StoreName myStore.(tag)(OSMTemplate)
"[root] #
cat "
STRING.(tag)(sGroup)
"
This is the setup after a fresh installation and it will lead
to the storage class myStore:STRING@osm
. An
adjustment to more sensible values will look like
[root] #
echo "StoreName exp-a" >! "
.(tag)(OSMTemplate)
"[root] #
echo "run2004" >! "
.(tag)(sGroup)
"
and
will result in the storage class exp-a:run2004@osm
.
To summarize: The storage class will depend on the directory, the data
is stored in and is configurable.
Storage classes might already be in use for the configuration of a tertiary storage system. In most cases they should be flexible enough to configure the PSU. However, in rare cases the existing configuration and convention for storage classes might not be flexible enough.
Consider for example a situation, where data produced by an
experiment always has the same storage class
exp-a:alldata@osm
. This is good for the tertiary
storage system, since all data is supposed to go to the same tape set
sequentially. However, the data also contains a relatively small amount
of meta-data, which is accessed much more often by analysis jobs than
the rest of the data. You would like to keep the meta-data on a
dedicated set of dCache pools.

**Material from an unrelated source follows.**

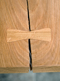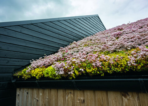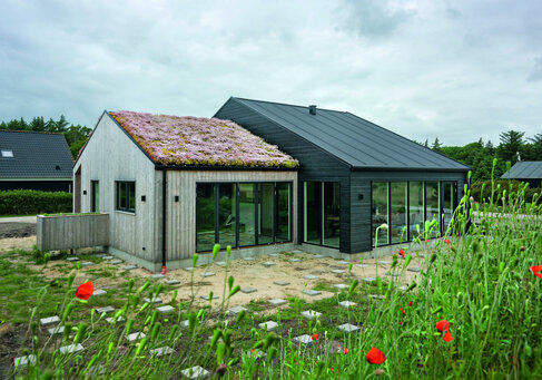 En del af huset er bygget i termowood, som er varmebehandlet, så al harpiksen er trukket ud af træet, og det derfor er knastørt, når man får det. Inge valgte det, fordi man ikke behøver at male det. Den nuværende brune, gyldne farve skifter til en grålig tone på sigt.

However, the storage class does not
provide means to accomplish that.
The cache class of a directory is set by the tag
cacheClass
as follows:
[root] #
echo "metaData" >! "
.(tag)(cacheClass)
"
In the above example the meta-data is stored in directories which are tagged in this way.
There is a nice trick for easy checking of the existing tags in one directory:
[root] #
grep '' `cat '.(tags)()'`
.(tag)(OSMTemplate):StoreName exp-a .(tag)(sGroup):run2004 .(tag)(cacheClass):metaData
This only works, if the quote-symbols are used correctly. (tick, tick, back-tick, tick, tick, back-tick).

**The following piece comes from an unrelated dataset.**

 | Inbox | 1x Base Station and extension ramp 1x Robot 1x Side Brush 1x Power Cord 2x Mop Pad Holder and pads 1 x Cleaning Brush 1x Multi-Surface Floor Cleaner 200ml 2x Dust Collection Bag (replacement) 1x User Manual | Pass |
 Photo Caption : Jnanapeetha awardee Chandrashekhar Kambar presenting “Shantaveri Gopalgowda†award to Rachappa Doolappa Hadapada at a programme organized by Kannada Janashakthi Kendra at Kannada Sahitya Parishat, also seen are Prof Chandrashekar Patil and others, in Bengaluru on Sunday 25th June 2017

Tags are inherited by sub-directories: Changing a tag of a directory will change the tag of each sub-directory, if the tag has never been changed for this sub-directory directly. Changing tags breaks these inheritance links. Directories in PNFS should never be moved, since this will mess up the inheritance structure and eventually break the whole system.